A renewable energy project in Australia’s largest grape growing region is giving struggling vignerons a sunny alternative.

An electrical services company in South Australia’s Riverland is looking to build dozens of community-owned solar farms and sell the energy on Australia’s volatile spot market.

The Riverland is about 250km east of the South Australian capital Adelaide and stretches for 120km along the banks of Australia’s biggest river, the Murray.

Renmark–based Yates Electrical Services began its Red Mud project this year and has been running a 180kw test site for about three months.

The project ultimately aims to work with landowners to set up 100kw-200kw solar farms and sell the energy to the national electricity grid through the spot market.

Managing Director Mark Yates said under the Red Mud project, landowners could lease their land to be used for a solar farm, lease the land and buy into a portion of the farm or choose to own the entire solar farm outright.

He said the test site had shown that a 10 per cent return on investment per year was achievable.

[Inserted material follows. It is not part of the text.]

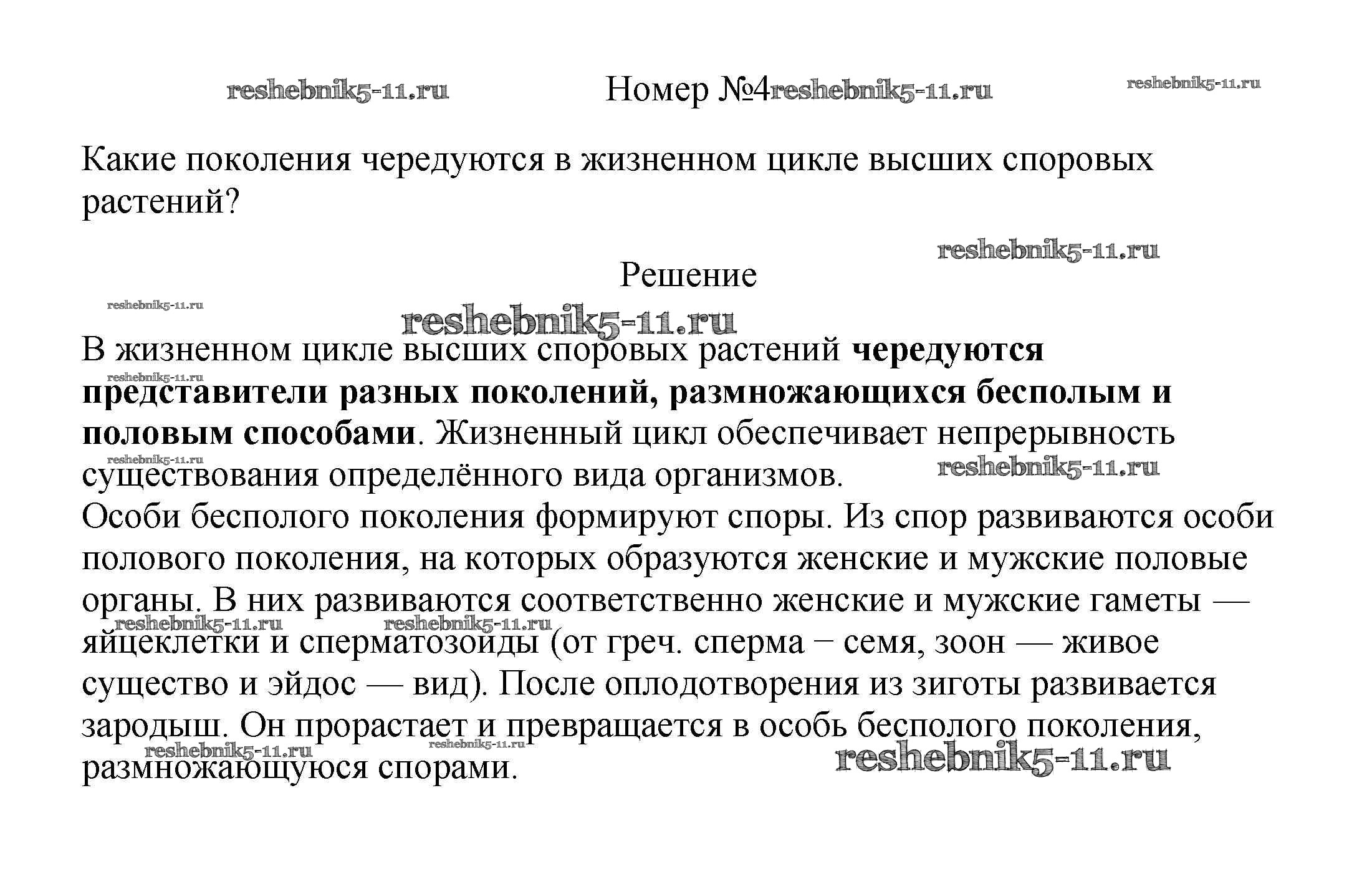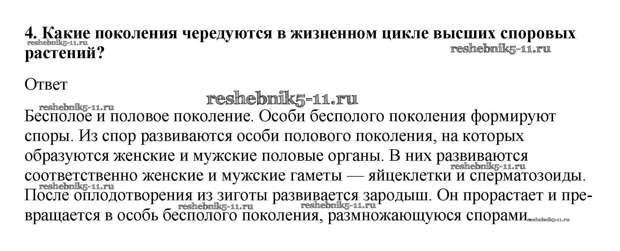 Готовая домашняя работа с ответами по Биологии за 5, 6 класс Пасечник, Суматохин, Калинова, Гапонюк Учебник Линия жизни Просвещение 2020 ФГОС - Вопросы 4

“Red Mud is something that we dreamt up to be a lot more scalable to people locally as opposed to big superannuation funds or merchant banks investing in massive projects,” Yates said.

“Effectively with Red Mud everything the site generates in the form of energy and the Large Generation Certificates are retained locally in the community.”

Yates said a typical 200kw farm would cover an acre (4000sq m), include 800 solar panels on ground-mounted racks, cost between $300,000 and $400,000 to set up and return about $40,000 a year.